Landasan Keadilan dalam Poligami: Ayat dan Hadits
Allah SWT berfirman dalam Al-Quran Surah An-Nisa ayat 3: “Dan jika kamu takut tidak akan dapat berlaku adil terhadap (hak-hak) perempuan yatim (bilamana kamu mengawininya), maka kawinilah wanita-wanita (lain) yang kamu senangi: dua, tiga, atau empat. Kemudian jika kamu takut tidak akan dapat berlaku adil, maka (kawinilah) seorang saja, atau budak-budak yang kamu miliki. Yang demikian itu adalah lebih dekat kepada tidak berbuat aniaya.”
Allah menegaskan dalam ayat ini bahwa suami wajib bersikap adil sebagai syarat mutlak dalam berpoligami. Suami harus adil dalam memberikan nafkah, tempat tinggal, pakaian, pembagian waktu, dan perlakuan lahiriah lainnya. Meskipun begitu, Allah menjelaskan dalam Surah An-Nisa ayat 129 bahwa keadilan dalam kecenderungan hati tetap sulit untuk dicapai.
“Dan kamu sekali-kali tidak akan dapat berlaku adil di antara isteri-isteri(mu), walaupun kamu sangat ingin berbuat demikian, karena itu janganlah kamu terlalu cenderung (kepada yang kamu cintai) sehingga kamu biarkan yang lain terkatung-katung.”
Namun, itu tidak berarti kita boleh menzalimi istri yang kurang kita cintai. Kita tetap harus memperlakukan mereka dengan adil dalam segala hal yang mampu kita upayakan secara lahiriah.
Rasulullah SAW juga mengingatkan dengan tegas tentang pentingnya keadilan ini dalam Hadits: “Siapa yang memiliki dua orang istri lalu ia cenderung kepada salah seorang di antara keduanya, maka ia datang pada hari kiamat dalam keadaan badannya miring.” (HR. Abu Daud, Ibnu Majah, dan An Nasai)
Hadits ini memperingatkan para suami dengan tegas agar tidak menzalimi istri-istrinya dalam membagi kasih sayang dan hak secara adil. Allah akan memperlihatkan tubuh mereka dalam keadaan miring pada hari kiamat, sebagai gambaran beratnya dosa karena ketidakadilan.

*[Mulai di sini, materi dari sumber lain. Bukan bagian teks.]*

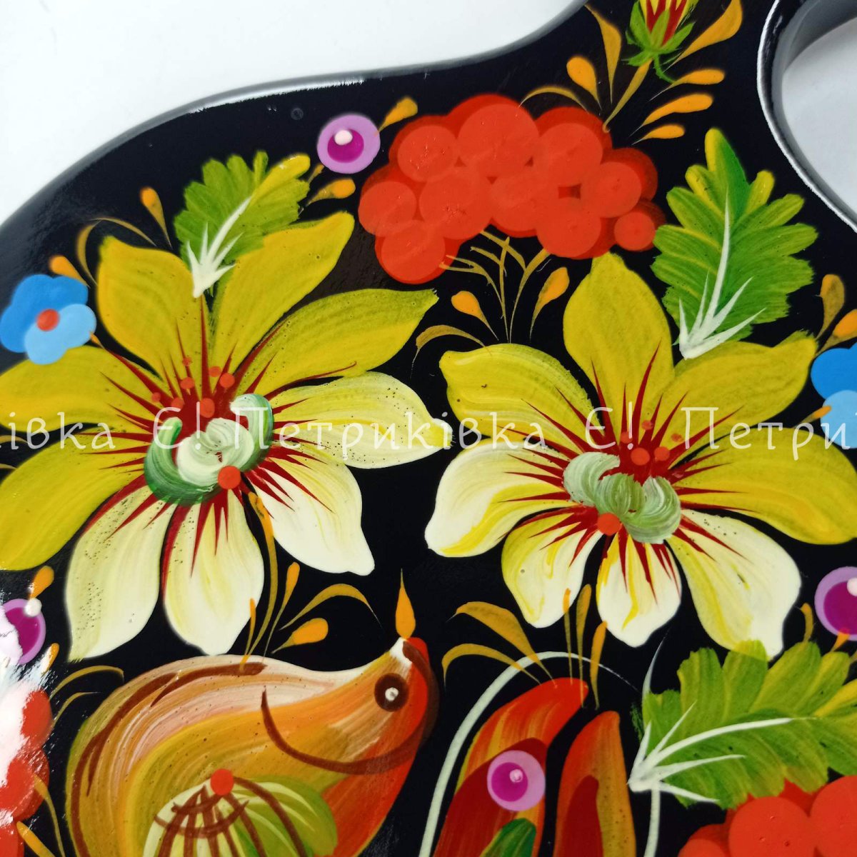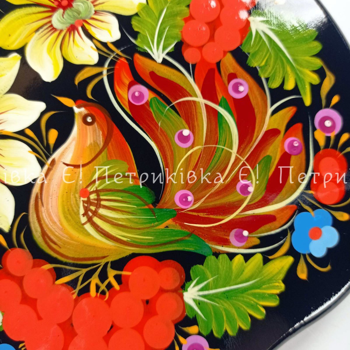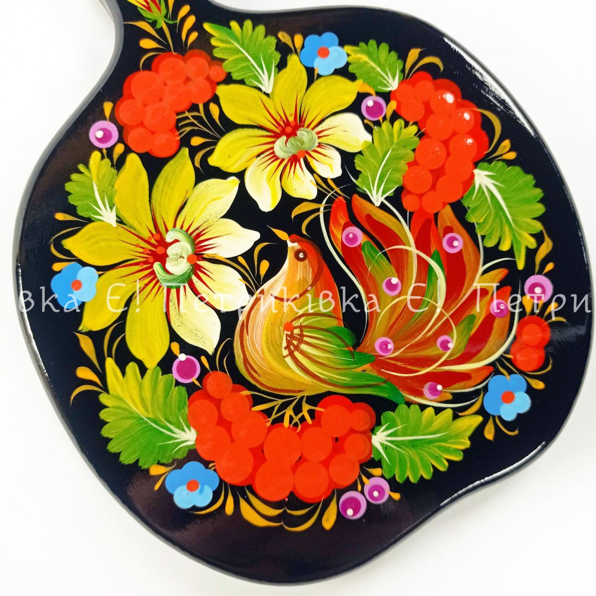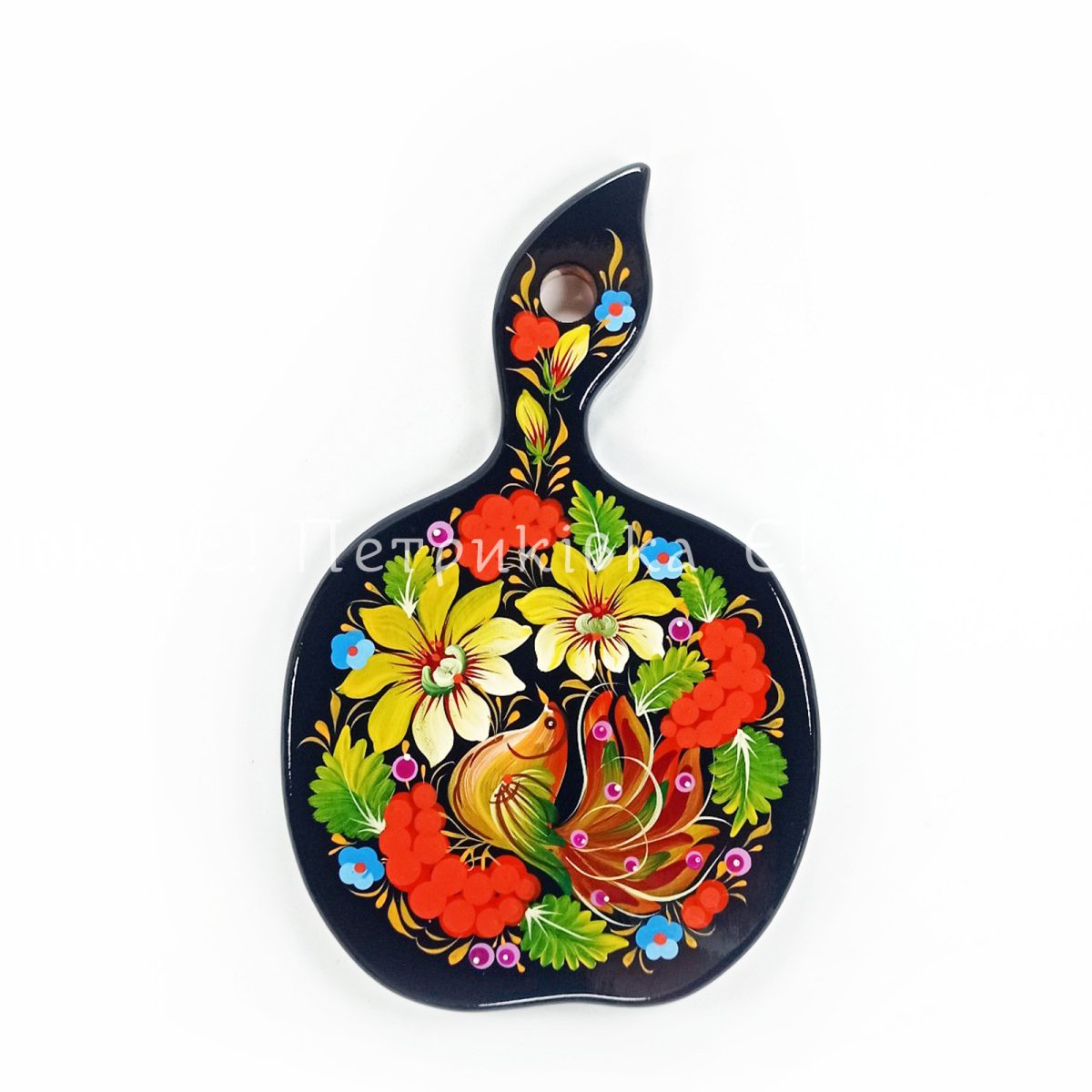 Дошка яблуко мале з Петриківським розписом "З птахом"
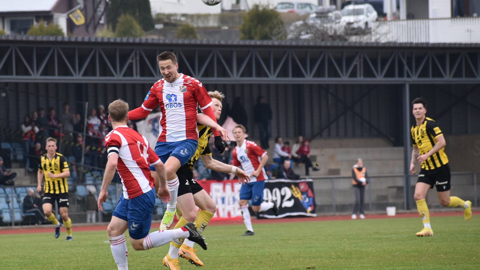 66´ MÅL EGERSUND! Påfølgende frisparket stanges inn og stillingen er 1 – 1.
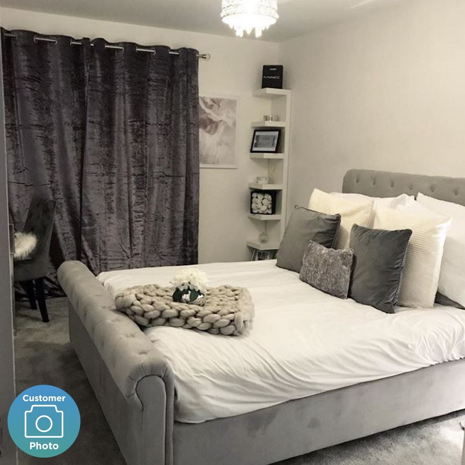 - Finish: Upholstered grey velvet

Meminimalisir Konflik dan Kedzaliman
Jadi, setiap panduan dan materi yang tersedia bertujuan untuk membantu para pelaku rumah tangga poligami agar kelak dapat meminimalisir konflik dan menghindari kedzoliman dari semua pihak, dengan landasan rasa taqwa dan takut kepada Allah semata. Poligami yang sukses adalah poligami yang membawa keberkahan, ketenangan, kebahagiaan, dan kemakmuran bagi seluruh anggota keluarga.
Semoga Allah senantiasa melimpahkan keberkahan dan kedamaian untuk setiap rumah tangga muslimin.